So yeah, i dunno. Perhaps it is a bug in jjplayer, but I tried removing all output handling, and it still just crashes inside codec->decode(), and the api to that point is so simple I don't think I can screw it up.

I've wasted half a day on this and it's losing it's interest very fast ...

Update: So, just when I was about to give up, I found a threading bug in the codec implementation. This at least lets it decode more frames but it's still crashing later on inside the GLES library.

I haven't got the NV21 image format working properly yet, so it may be related to that, maybe.

Update: Well that was pretty much a full day down the drain, I submitted a patch to the ffmpeg-devel mailing list (yay, subscribe to a high volume list of zero interest to me just to submit a 10 line patch).

It turned out that the file I was testing against refuses to play at all in the bundled players, so it's something to do with the hardware/firmware. At best they load the first frame then abort, although they don't segfault (probably the parser/demux stops it going as far as the codec).

On a video recorded from the camera it seems to work ok, although it certainly doesn't appear particularly smooth - I would need to do some timings to see what's going on. I haven't written the NV21 support either. And the build stuff needs cleaning up and parameterising before I can check it in.

If it's going to still be so useless i'm not sure I really care to be honest. And I've had more than enough for today so whatever I decide will have to wait.

duckduckgo

I've decided that i'll be giving duckduckgo a 'go' for a while for my search.

I've been an extremely heavy user of google's search for many years, and it is an indispensible tool for saving time. But i'm getting sick of it trying to be 'smarter than me' - I pretty much have to manually tell it to do a verbatim search every fucking time I search for anything technical (i.e. almost every search) which makes every new search that bit more tedious and frustrating than it already is. And given their spate of recent prunings who knows how long that will even last.

And just in the last couple of days they seem to have fucked around with it even more: i get 4-5 results and then a 'similar searches' section, which I do not find useful whatsoever. Sadly I often find searches I do pointing back to my own posts or code, which indicates to me that perhaps I really am a beautiful and unique snowflake after-all, and subsequently knowing what is "popular" isn't terribly useful to me.

Targetted search based on seeker popularity by default really seems a pretty strange feature unless you're writing a search engine for pop-culture or a shop (insight: oh hang on, that must be exactly what they are doing! silly me). Searches should first be for facts, not for reinforcing currently popular interests or fasionable trends. I already felt extremely uncomfortable with the fact that google search was customising results at all, but this is so much worse. If you went to a researcher and asked for detail on a topic, would you want them to take into account both your appearance and other customer's desires when they fulfilled the request, or would you prefer an unbiased, objective collection of all available information?

I guess those of us working niche fields or with niche interestes are going to have to get used to the fact that we are simply not enough of a product-base for Google to care about (remembering we are the product).

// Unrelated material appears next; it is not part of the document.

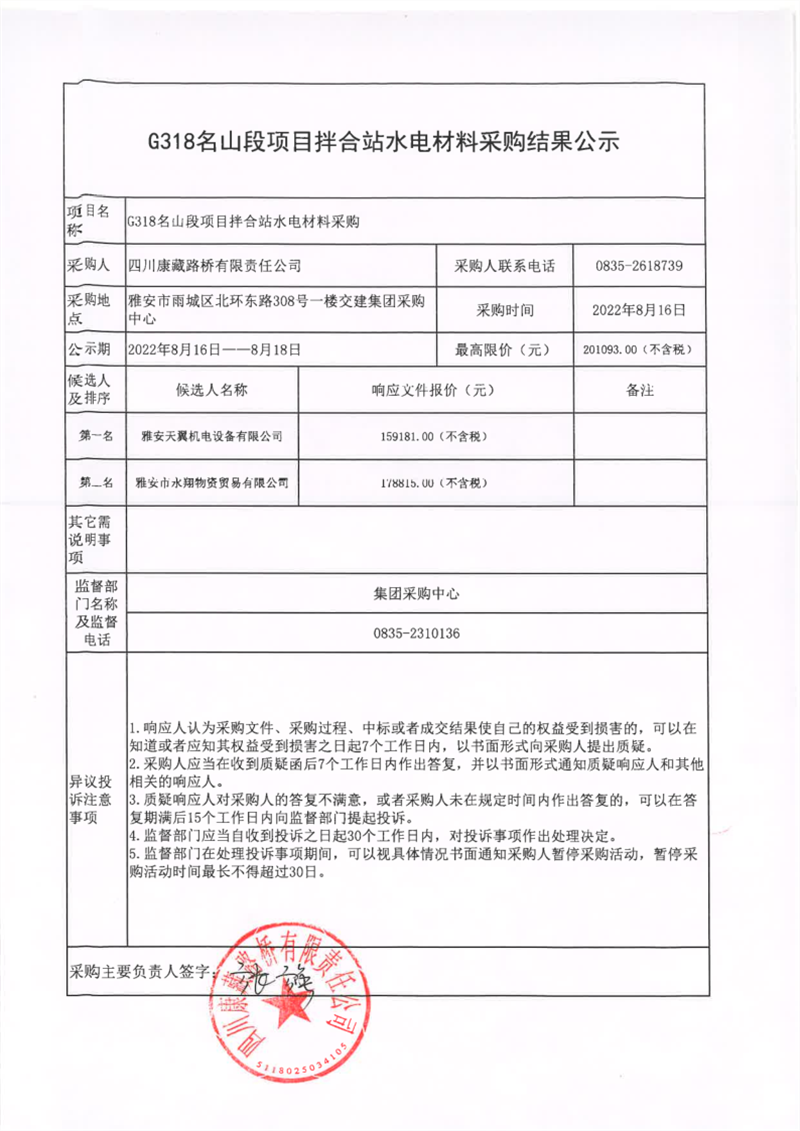 四川康藏路橋有限責(zé)任公司G318名山段項(xiàng)目拌合站水電材料采購(gòu)結(jié)果公示
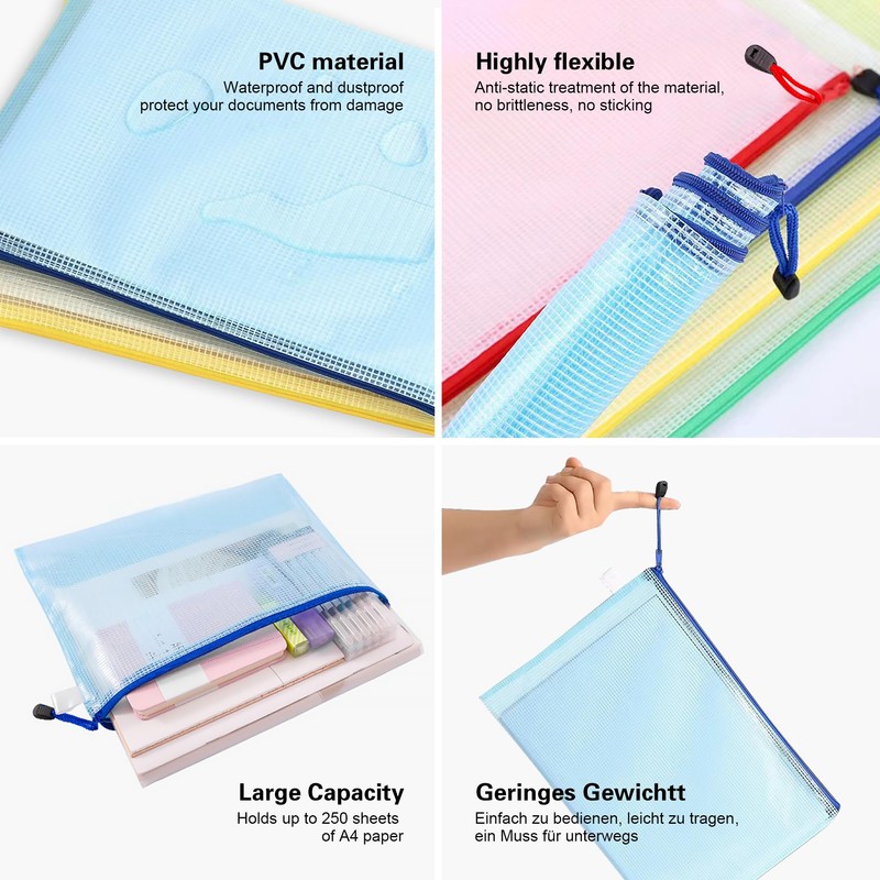 Taiyeestar Pack of 12 A4 Document Wallets, Colourful Waterproof Document Bag with Zip, File Zipper Bag, Mesh Plastic Zip Bag for Documents, Cosmetics, Travel Accessories

They don't really care if they lose us because their customers don't really care if google loses us. Based on "The story so far", I think we can expect to see more of a mainstream/pop/fashion based focus to their products, which is very sad turn of events. With the closing down of various networked services, we're also going to start to lose trust in their long-term commitment to some of them. Surely blogger will not live outside of Google+ for much longer (tbh, not sure i care, so long as google+ is linkable and crawlable by any other search engine), and what about google code?

I also finally worked out one major reason why firefox was constantly using a good chunk of cpu time: apart from adverts and other annoyingly pointless crap, the main culprit was simply the google search results page. Which I find quite baffling because there are no visually moving parts whatsoever. I really wish firefox would simple disable javascript on tabs you're not currently looking at, because all it does is let crappy web page coders make firefox look like a bloated piece of shit, even if it isn't really.

Duckduckgo is certainly more concise, perhaps overly so to the point of missing relavant information, so it may not fullfill my requirements. A search for jjmpeg only finds 1 post from this blog for instance, and I often prefer to see multiple in-site references (perhaps it is an option: at this point i've used it only a few times). But i'll see how it goes, my search needs vary depending on what i'm doing. I just wish it paged the results using numbers mind you, I'm using the html version since the infinitely scrolling "Web 2.1.x(tm)" page completely sucks: as they all do.

Bummed out, or am i?

This week I've been experimenting with the performance of some NEON code. It is from an algorithm which was developed in OpenCL for desktop GPUs and then downscaled to fit on a beagleboard (only for development purposes). The overall algorithm is identical but the way some of the steps are implemented is different (and for some significant components much less computationally and bandwidth intensive).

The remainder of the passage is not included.